Mengandung selama sepuluh bulan

Pertarungan Antara Selir Utama Ucapan Lembut 1977kata 2026-02-09 12:31:56

Awalnya aku mengira bahwa ketika Dodo mengetahui aku tengah mengandung, ia akan sangat gembira. Namun, ternyata ia hanya mengangguk pelan, dengan tenang memerintahkan pelayan menyiapkan makan seperti biasa, tanpa ada perubahan dari hari-hari sebelumnya. Melihat aku kecewa dan diam-diam meliriknya, ia membelai kepalaku seperti menenangkan seekor anak anjing, “Makanlah yang banyak.” Tiong Ma dan beberapa pelayan wanita membawa kotak makanan masuk, setelah mengatur semuanya, mereka menyuruh pelayan lain pergi. Tiong Ma dan Aruna melayani kami makan. Aku ngambek dan enggan makan, Dodo hanya membujuk sedikit. Namun, ketika tiba waktu beristirahat, sikapnya berubah jauh.

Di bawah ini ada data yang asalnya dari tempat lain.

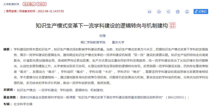 8月31日,高等教育研究领域重要学术期刊《大学教育科学》网络首发我校白强教授的最新研究成果《知识生产模式变革下一流学科建设的逻辑转向与机制建构》,该成果将在该期刊2022年第5期纸质刊印。该成果15000字,是白强教授近年来相继发表研究成果《大学知识生产模式变革与学科建设创新》(2020年)《世界一流学科的生成逻辑与建设路径——基于中外两所大学两个一流学科生长史的考察》(2019年)《中国特色“双一流”大学建设的逻辑根据与路径选择》(2018年)等CSSCI核心来源期刊论文之后关于学科建设的最新研究成果。
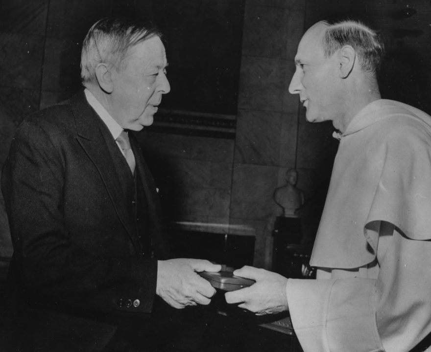 1 (of 1) Dominique Pire receiving his Nobel Prize medal from Gunnar Jahn, Chairman of the Norwegian Nobel Committee at the award ceremony at Oslo University, 10 December 1958.

Saat naik ke tempat tidur, aku sengaja membelakanginya. Tak disangka Dodo menarikku ke dalam pelukannya, setelah beberapa kali berusaha melepaskan diri, aku akhirnya menyerah dan patuh berada di dadanya. Kepuasan terpancar dari wajah Dodo. Kami berdua tidak memejamkan mata, hanya diam mendengarkan detak jantung masing-masing, tanpa perlu bicara, hati kami saling terhubung. Kami sama-sama menantikan kehadiran anak ini, berjanji akan melindunginya sepenuh hati, seperti Dodo yang menggenggam erat tanganku, aku bagai permata di telapak tangannya.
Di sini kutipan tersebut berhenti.